Friendships are the most basic foundation of Reverse Dominance Coalitions. When bullied at work, mistreated by boyfriends, or unsupported at home, a woman turns to her friends. They listen, empathise, and lambast unfairness.
Friendship groups are absolutely crucial to cultural change. By speaking out, sharing ideas, and thereby realising broad support for social change, people come come to expect and demand better. While one person may be privately critical, support from respected others is validating and emboldening!
Consider the case of Simone Biles and her teammates, who stood united against abuse. Their solidarity exemplifies how female friends embolden each other worldwide—celebrating shared victories, dismantling rape myths, and collectively affirming women's equal competence.
Men who seek approval from these groups - be they fathers, friends, employers, or politicians - must adapt to new expectations.

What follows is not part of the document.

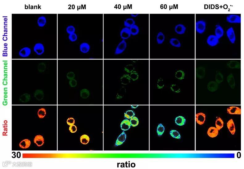 图2. 探针标记的巨噬细胞在不同条件下的激光共聚焦图像(其中DIDS为细胞膜上阴离子通道阻断剂)。

They listen, learn, and adjust their behaviour accordingly.
Households harbour a distinctive potential for tyrannical despotism because the lower-status individual, typically the woman, is deeply attached yet isolated. It’s almost impossible to form a Reverse Dominance Coalition. Concerned for her children's wellbeing and her social standing, a woman may feel compelled to stay, even as she struggles to challenge the terms of her incorporation. Unlike the public sphere, these dynamics unfold behind closed doors, hidden from potential external allies.
This isolation partly explains why gender gaps in housework persist. Without allies and reluctant to 'rock the boat', a woman may find herself shouldering an unequal burden. Seldom seeing men share care work, she may also take inequalities for granted or doubt the possibility of change.
Globally, sons grow up in homes where men are served food and treated with greater respect. They too anticipate female servitude. Denial is tantamount to disrespect. In the outskirts of Istanbul, Yusuf asked his wife Elif for a cup of tea. She refused, so he beat her to a pulp.
Reverse Dominance Coalitions are powerful drivers of egalitarianism. These coalitions, whether formed through friendships, professional networks, or public protests, have been instrumental in challenging sexism, validating dissent, and reshaping societal expectations.
However, the household remains a challenging frontier. The unique dynamics of family life - where individuals are often isolated, emotionally attached, and concerned about their children's wellbeing - can make it difficult to form the coalitions that have been so effective in public spaces. This explains why gender gaps in housework persist and why intimate partner violence remains pervasive, even in societies that are otherwise extremely progressive.